▸ REQUIREMENT
Extract exactly the lines from the top of the records through the line containing "Ballinger fountain vista", and keep pictures out of the copy.

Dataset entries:
______
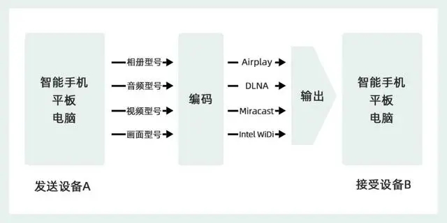 無線投屏的原理是將發(fā)射源的視頻數(shù)據(jù)編碼壓縮,然后通過無線信號發(fā)送到接收器,再由接收器接收后解壓并解碼,還原出相同的視頻數(shù)據(jù)并在顯示設備上同步顯示。簡單理解就是發(fā)射端打包信號數(shù)據(jù),然后以2.4GHz/5GHzWi-Fi高速傳輸?shù)浇邮斩诉M行解壓并播放信號數(shù)據(jù)。
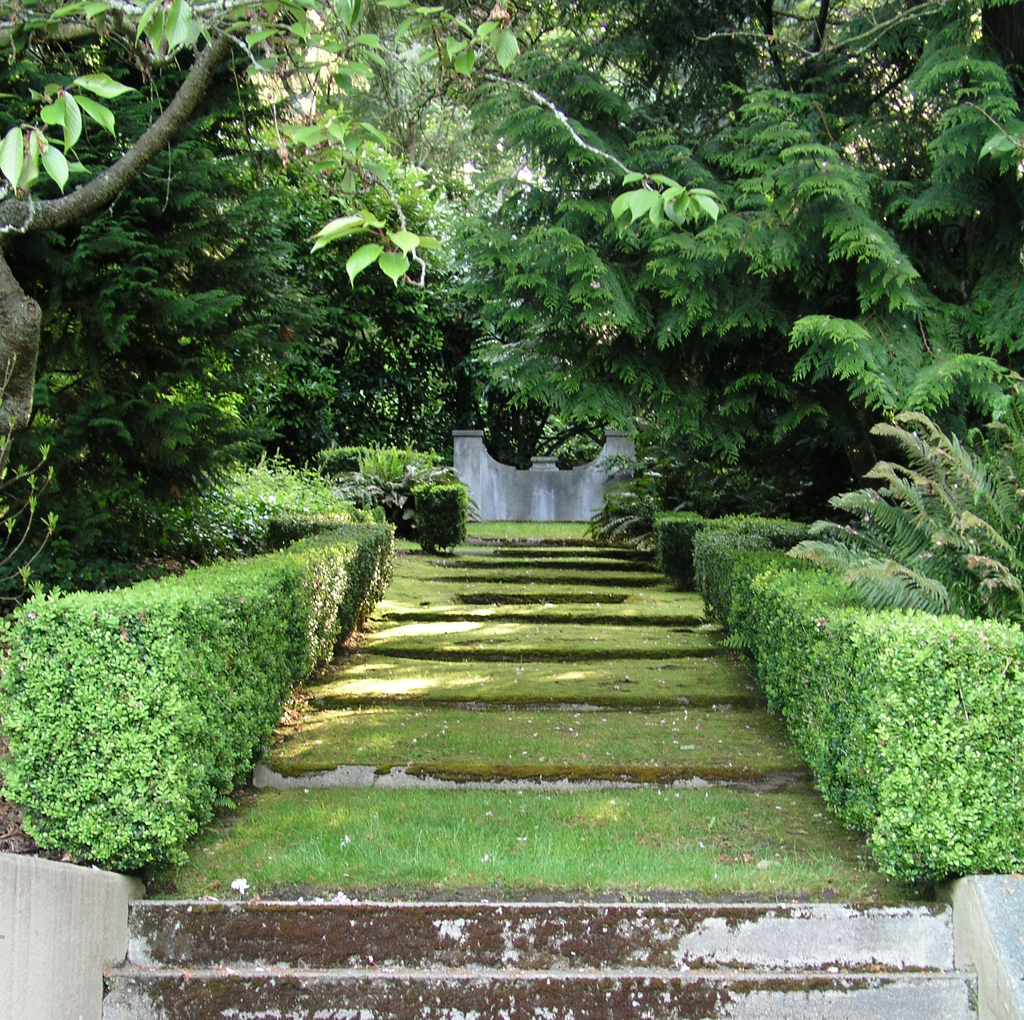 Ballinger fountain vista walk looking east. {Vegetation - Circulation - Structure}
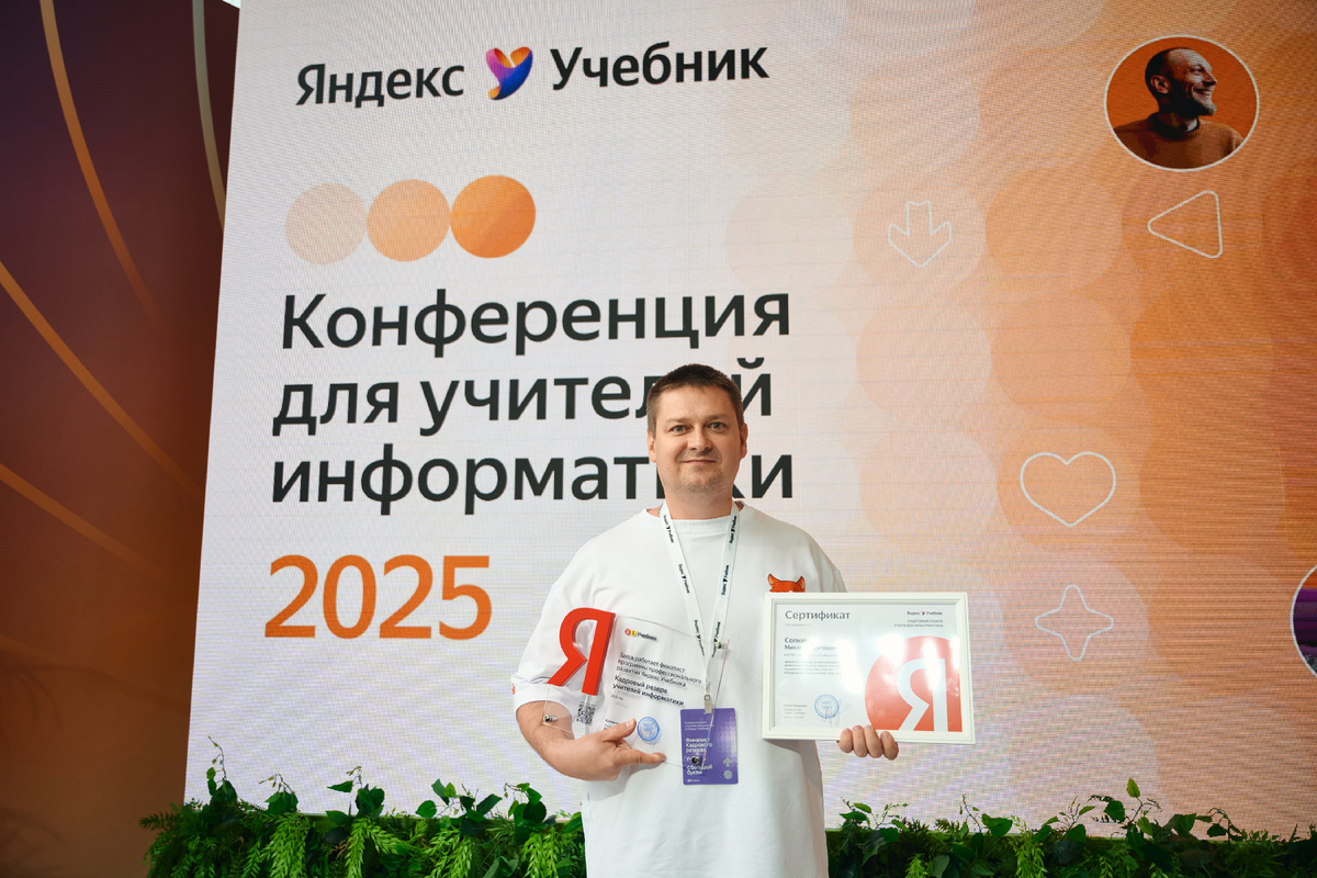 6 июля на конференции «Яндекс Учебника» подвели итоги премии для педагогов, преподающих ИТ-дисциплины. В конкурсе приняли участие более 20 000 учителей со всей России — победителями стали 20 лучших. Сервисом «Яндекс Учебник» сегодня пользуются свыше 10 000 педагогов. Он предоставляет более 100 000 интерактивных заданий с практикой и объяснением теории — и помогает учителям развивать цифровую грамотность у школьников. Победители премии Удалось войти в состав кадрового резерва и получаю награду из рук руководителей Яндекс-учебника: Дмитрия Кононова и Елены Краевской: Нужно отметить, что само участие было интересным и полезным - я просто вед уроки с помощью Яндекс-учебника и участвовал в активностях, предложенных организаторами. Это и курсы повышения квалификации, и всякие опросы, способствующие развитию платформы. В общем, вошел в пятерку лучших по стране и получил возможность присутствовать очно на конференции учителей информатики 5-6 июля. Это бесподобно! Познакомился с прекрасными лю
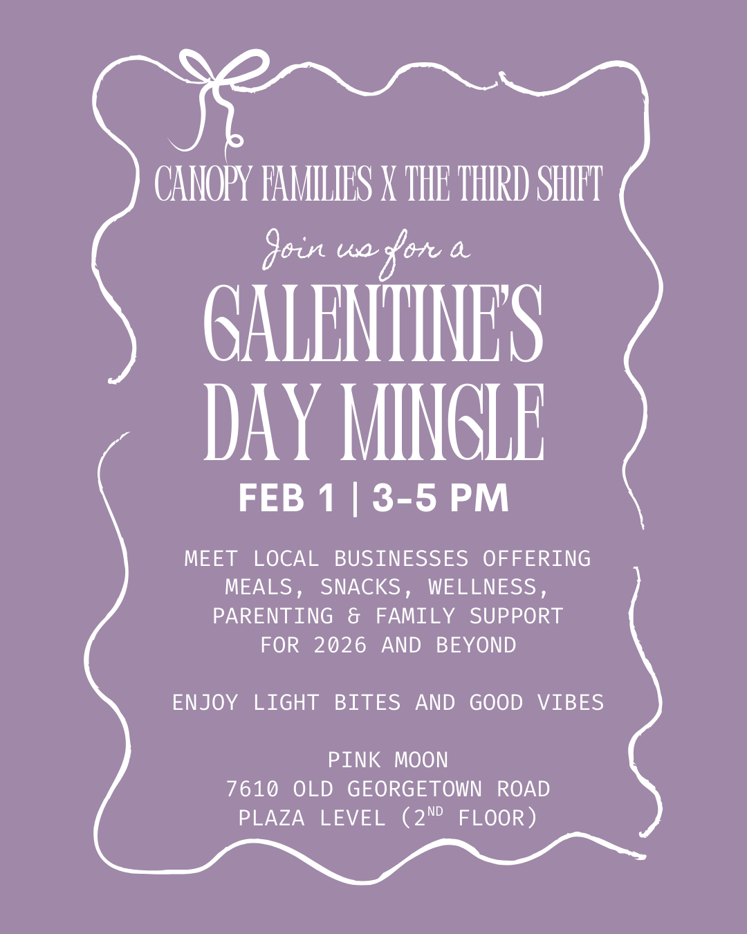 Join Canopy Families, The Third Shift, and Pink Moon for an afternoon of light bites, warm drinks and gifts that can make your life easier.
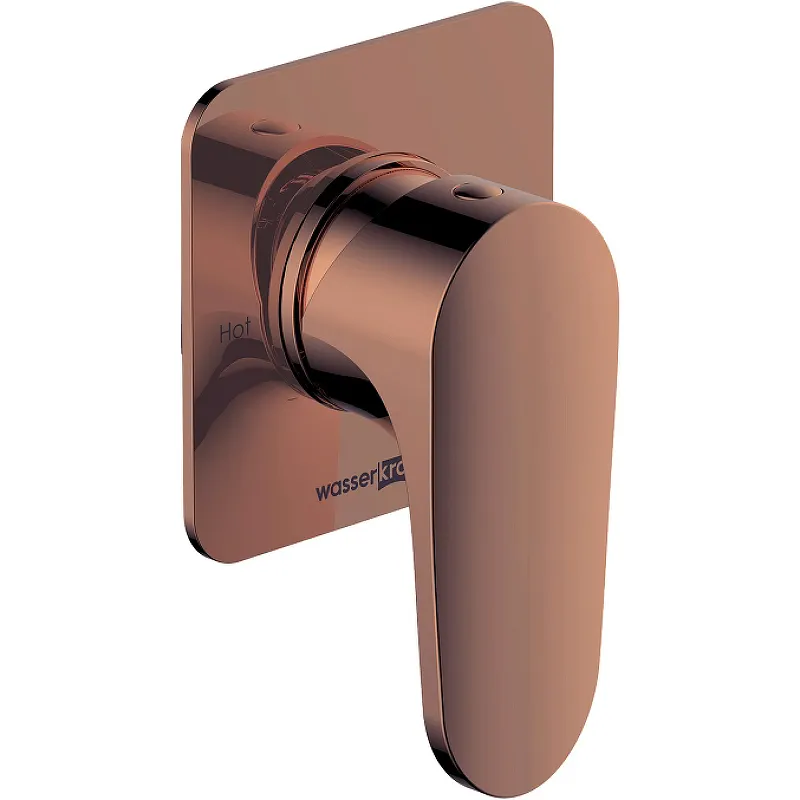 Смеситель для душа WasserKRAFT Asphe 7751.Смеситель на 1 выход. Подключается к одному аксессуару для душа на выбор: верхней душевой насадке, лейке для душа или гигиенической, настенному изливу.Характеристики: Цвет: розовое золото. Материал: латунь. Покрытие: PVD. Механизм: керамический картридж 35 мм, Sedal (Испания). Управление: рычажное. Рабочее давление - 1-5 Bar, максимальное - 9 Bar. Рабочая температура - оптимальная 65 градусов, максимальная 90 градусов. Ресурс керамических картриджей - 500 000 открытий и закрытий. Монтаж: встраиваемый. Уход: При регулярной очистке поверхностей смесителей рекомендуем применять нейтральные жидкие моющие средства. Таковыми являются мыльные растворы и многие посудомоечные средства. Не использовать средства, содержащие органические растворители, абразив и разъедающие вещества: хлорные соединения, соляную, серную, азотную, уксусную или фосфорную кислоту. В комплекте поставки: Смеситель (внешняя и внутренняя часть).
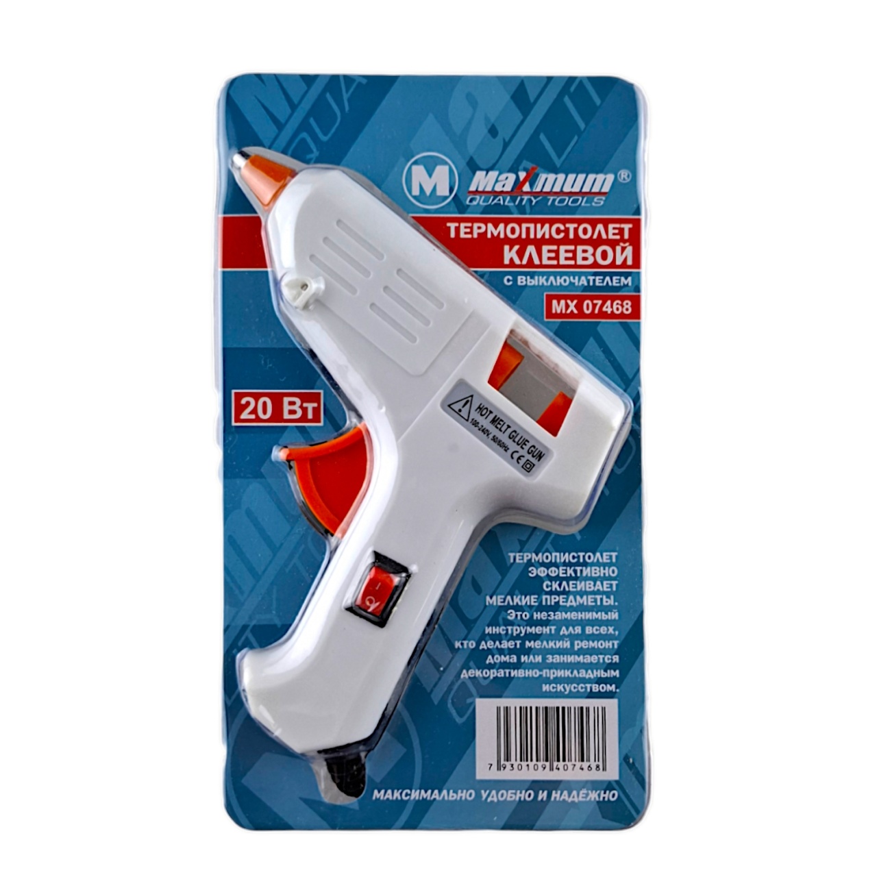 Клеевой пистолет с кнопкой выключения изготовлен из термостойкого пластика - способен работать с предметами из любых материалов: дерево, ткань, камень, стекло, металл, пластик.
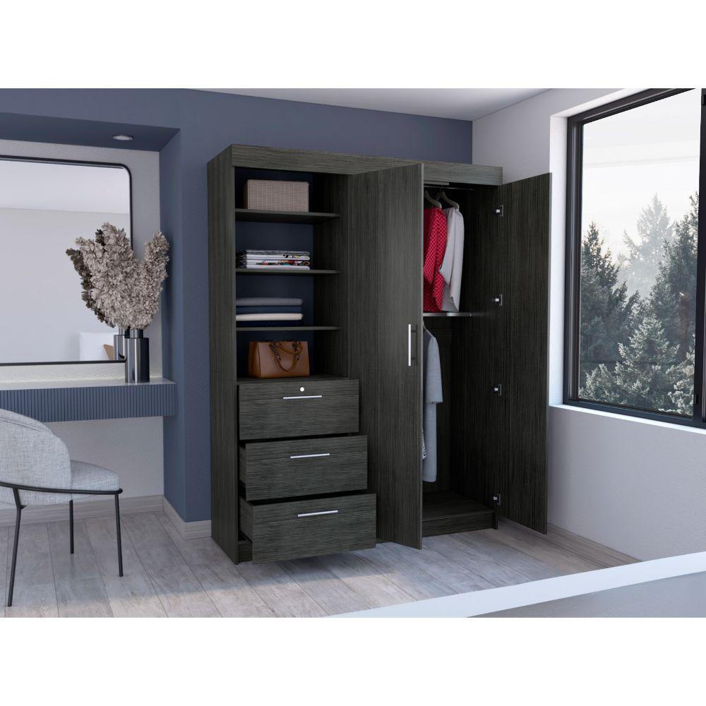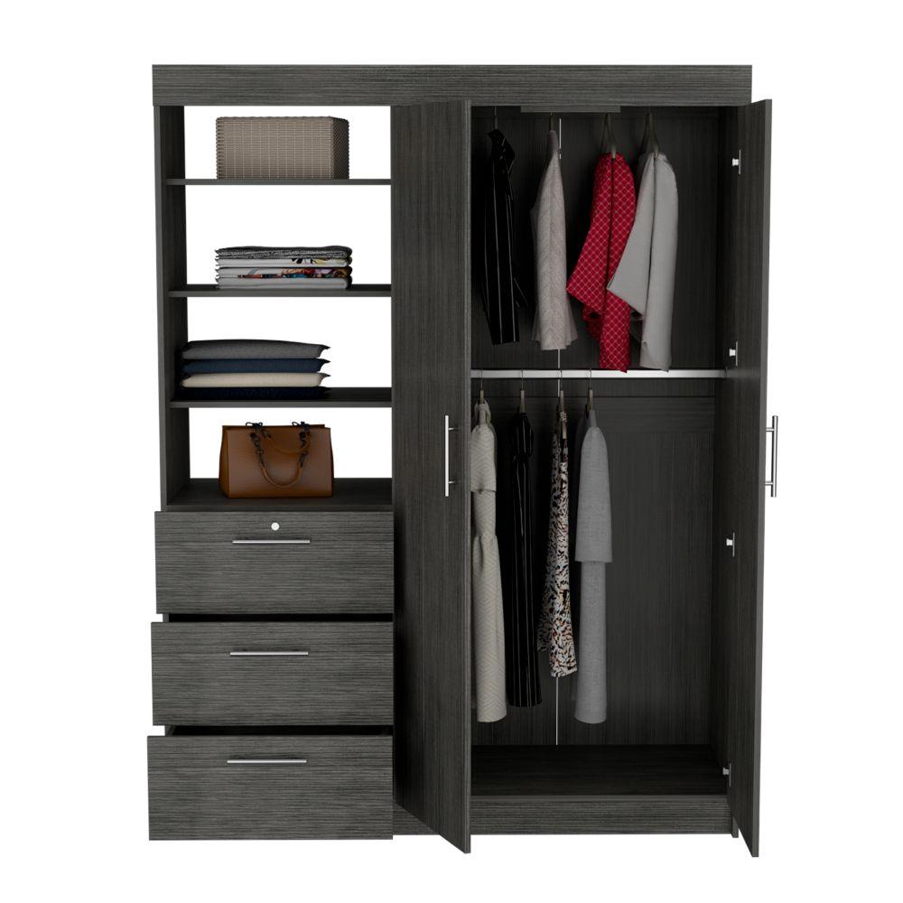 Closet, con amplios espacios para guardar ropa, 2 tubos, 2 puertas abatibles y 3 cajones, ideal para darle un toque moderno a tus espacios.
______
▸ RESPONSE BOX
 無線投屏的原理是將發(fā)射源的視頻數(shù)據(jù)編碼壓縮,然后通過無線信號發(fā)送到接收器,再由接收器接收后解壓并解碼,還原出相同的視頻數(shù)據(jù)并在顯示設備上同步顯示。簡單理解就是發(fā)射端打包信號數(shù)據(jù),然后以2.4GHz/5GHzWi-Fi高速傳輸?shù)浇邮斩诉M行解壓并播放信號數(shù)據(jù)。
 Ballinger fountain vista walk looking east. {Vegetation - Circulation - Structure}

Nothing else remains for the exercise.